Fosse won his directing Oscar for the phenomenal Cabaret, but it's here (and his subsequent Star 80, still begging for a proper home video release), where he really outdid himself. His direction of his own choreography is especially revealing. If one thinks, if even for just a moment, about any of Fosse's choreography in the film, it becomes readily apparent that all the numbers are staged in ways that would never work in a traditional proscenium context. This, ironically, is in marked contrast to the abysmal direction of the inexplicably-lauded film version of Fosse's Chicago wherein the boneheaded Rob Marshall directed choreography that might have worked on a stage, but is respectively, pathetically and laughably shot and cut with tin eyes and big old ham-fists.

Fosse is a filmmaker - the real thing! Like a few greats before him, most notably Busby Berkeley, Fosse directs and choreographs all the numbers for the camera - it's pure, joyous, unadulterated cinema. It also doesn't hurt that Fosse's cinematographer is none other than frequent Fellini lenser Giuseppe Rotunno. A canny-enough choice given some of the resemblance All That Jazz has, in homage, to 8-and-a-Half.

It's a marvel watching All That Jazz again on a superior format like Blu-Ray. It's not only as sumptuous and exciting as it was when it first unspooled on film in 1979, it's probably the next best thing to owning your own pristine 35mm print. In a contemporary context, Fosse's great picture feels even fresher and bolder today than I imagined it to be 35-years-ago.

And save, for all the endlessly delightful scenes showing doctors, including heart surgeons (!!!), chain smoking cigarettes, that's about the only thing in the film that feels even remotely dated.

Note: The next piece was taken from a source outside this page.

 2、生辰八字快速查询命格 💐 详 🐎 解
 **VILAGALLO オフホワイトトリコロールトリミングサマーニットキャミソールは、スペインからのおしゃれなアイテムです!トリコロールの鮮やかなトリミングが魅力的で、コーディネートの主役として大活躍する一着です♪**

And WOW! The Criterion Collection continues to outdo themselves. This gorgeously transferred dual-format (Blu-Ray AND DVD) home entertainment package in an all-new 4K digital restoration, with 3.0 surround DTS-HD Master Audio soundtrack, has OWN ME written all over it. The extra features are an absolute bounty. The 40-minute scene-specific commentary by Roy Scheider really knocks this one out of the park. He offers considerable insight into his role, the working relationship he had with Fosse and even the filmmaking process. I can't imagine anyone not enjoying this added-value feature, but it's an absolute must for actors to cherish (burgeoning or otherwise).

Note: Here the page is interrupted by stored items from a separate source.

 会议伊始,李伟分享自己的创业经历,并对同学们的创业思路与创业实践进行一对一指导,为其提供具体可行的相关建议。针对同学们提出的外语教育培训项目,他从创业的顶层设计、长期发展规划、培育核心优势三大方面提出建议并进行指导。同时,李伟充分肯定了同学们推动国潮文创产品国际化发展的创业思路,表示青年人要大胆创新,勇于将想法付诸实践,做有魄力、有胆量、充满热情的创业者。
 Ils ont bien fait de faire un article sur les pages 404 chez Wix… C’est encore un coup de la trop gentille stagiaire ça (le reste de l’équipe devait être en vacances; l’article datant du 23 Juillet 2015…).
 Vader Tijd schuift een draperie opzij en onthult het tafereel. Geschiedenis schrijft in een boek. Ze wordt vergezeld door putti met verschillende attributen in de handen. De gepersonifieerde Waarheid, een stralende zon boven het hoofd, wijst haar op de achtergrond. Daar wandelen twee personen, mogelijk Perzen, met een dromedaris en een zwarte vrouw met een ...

There are numerous interview segments with editor Alan Heim, Fosse biographer Sam Wasson, actors Ann Reinking and Erzsebet Foldi, plus an astonishing episode of the talk show "Tomorrow" from 1980, featuring Fosse and legendary choreographer Agnes de Mille. There are also two superb in-depth interview with Fosse from the 80s, one of which, conducted by Gene Shalit, is shockingly well done.

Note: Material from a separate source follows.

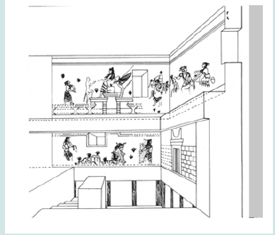 Consequently, the first two characteristics (the topography and the scalar construction as well as the time) apply in the case of the crocus gatherer’s fresco of the peak sanctuaries. But what happens with the absence of figurines from the imaging? This cannot reverse our correlation for the following reasons: First, figurines are not found at Akrotiri as it is noted [37]. Consequently, this may be is a local peculiarity. Second, if we accept the view that the figurines represent the worshipers, their absence is not strange because the worshipers themselves are shown in the fresco. Third and most importantly: according to a recently expressed view, the statuettes at the peak sanctuaries are parallelled to the three-dimensional versions of the worshipers as participants of the rituals [60]. Therefore, since we are talking about fresco with the representation of certain moments, as we saw earlier, the represented worshipers play their role, and yet their absence is expected. Concluding, on the basis of the elements that are mentioned above [61-62], we support the view that at the fresco of the crocus gatherers moments of an offering ritual are represented in four stages and that the peak sanctuary constitutes its background.

As if that's not enough, there are two full length documentaries on the making of the film, on-set footage, featurettes on the film's music (including one with George Benson) and a lovely booklet with a decent essay. The only mild disappointment is the feature length commentary by editor Heim who is either far too silent through most of the film, far too anecdotal (delivering information we already know from the added documentaries) and when it comes to discussing the cutting, he's far too general and not very specific. A minor quibble, though. There's plenty here to keep you engaged for a lifetime.